SOURCE MATERIAL below:
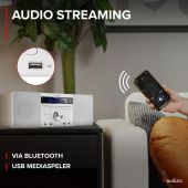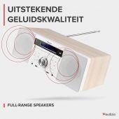 The Prato Music System is an all-in-one digital music system for the highest demands. This DAB+/FM Radio with slot-loading CD player is made of a high quality wooden case with rounded corners and reproduces the music fantastically, thanks to the full range stereo speakers. The Prato series offers the highest sound quality and is ideal for use in living room, kitchen, bedroom or office. With BT Wireless Technology 5.3, play music directly from your smart phone, tablet or PC.
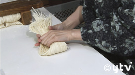「大門そうめん」は、半生の工程で丸めてから乾燥させます。
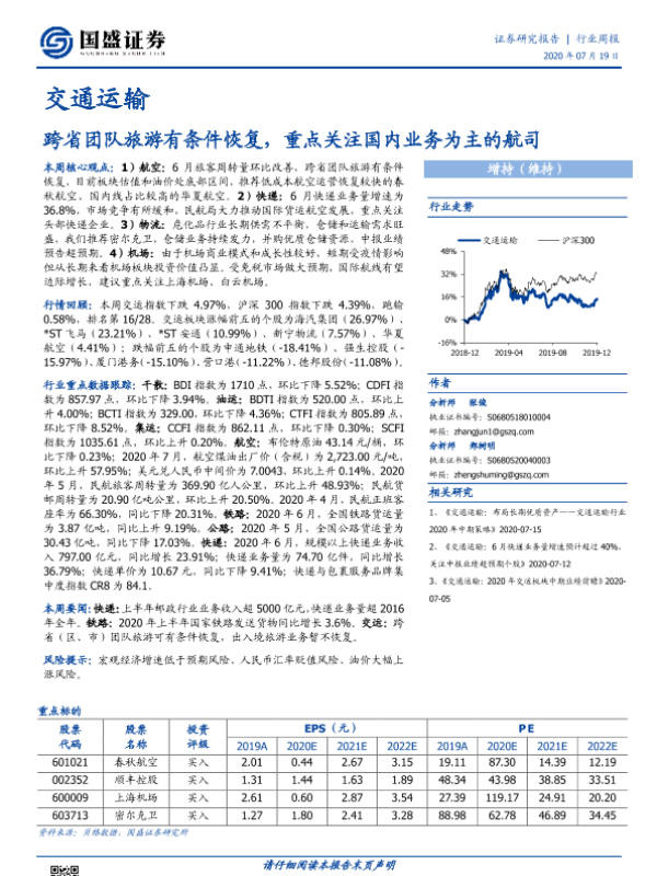 【国盛证券】【20200719】交通运输行业周报:跨省团队旅游有条件恢复,重点关注国内业务为主的航司-21页 行业研究
End of SOURCE MATERIAL.
ASSIGNED TASK:
Type out the data above again exactly as written, minus the images.

EXERCISE RESPONSE:
 The Prato Music System is an all-in-one digital music system for the highest demands. This DAB+/FM Radio with slot-loading CD player is made of a high quality wooden case with rounded corners and reproduces the music fantastically, thanks to the full range stereo speakers. The Prato series offers the highest sound quality and is ideal for use in living room, kitchen, bedroom or office. With BT Wireless Technology 5.3, play music directly from your smart phone, tablet or PC.
「大門そうめん」は、半生の工程で丸めてから乾燥させます。
 【国盛证券】【20200719】交通运输行业周报:跨省团队旅游有条件恢复,重点关注国内业务为主的航司-21页 行业研究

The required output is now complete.